-------- EXERCISE DATA
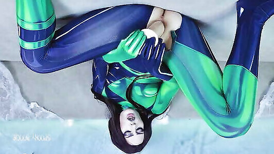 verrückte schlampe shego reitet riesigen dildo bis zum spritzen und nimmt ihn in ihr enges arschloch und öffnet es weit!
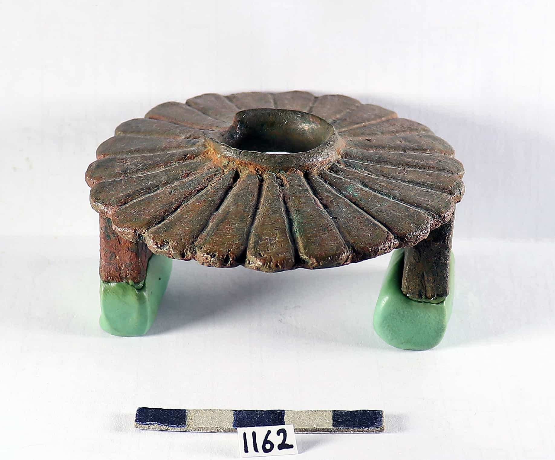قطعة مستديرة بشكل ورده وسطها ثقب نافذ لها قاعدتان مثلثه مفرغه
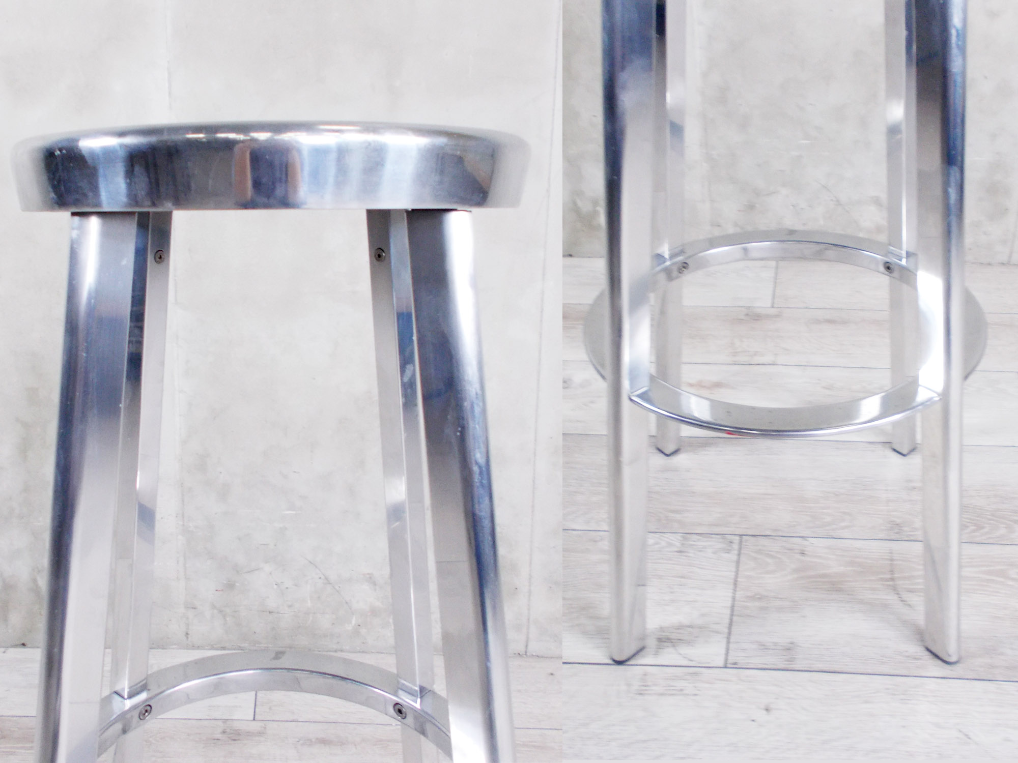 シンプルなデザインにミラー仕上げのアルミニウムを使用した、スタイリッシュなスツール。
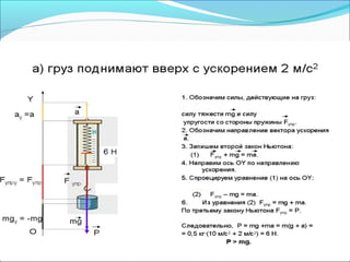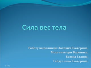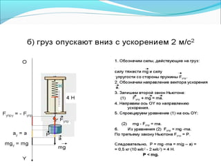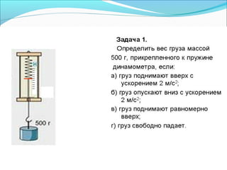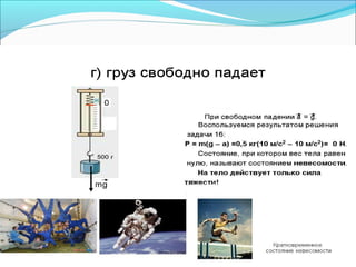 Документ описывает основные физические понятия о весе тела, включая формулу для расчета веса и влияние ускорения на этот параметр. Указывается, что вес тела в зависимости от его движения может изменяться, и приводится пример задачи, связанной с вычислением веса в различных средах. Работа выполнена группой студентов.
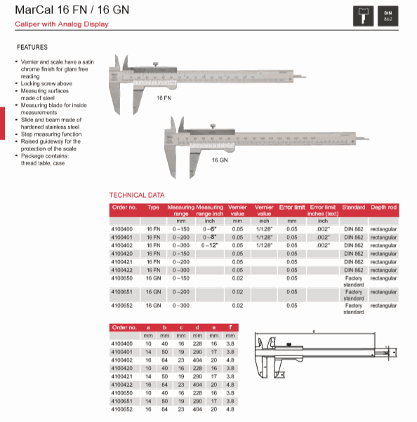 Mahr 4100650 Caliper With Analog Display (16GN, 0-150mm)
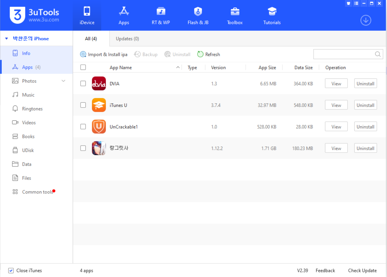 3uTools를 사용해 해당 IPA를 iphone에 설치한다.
----------------
Look above for the line containing "قطعة مستديرة بشكل" and the line containing "シンプルなデザインにミラー仕", then reproduce both and everything between them exactly, pictures omitted.

قطعة مستديرة بشكل ورده وسطها ثقب نافذ لها قاعدتان مثلثه مفرغه
 シンプルなデザインにミラー仕上げのアルミニウムを使用した、スタイリッシュなスツール。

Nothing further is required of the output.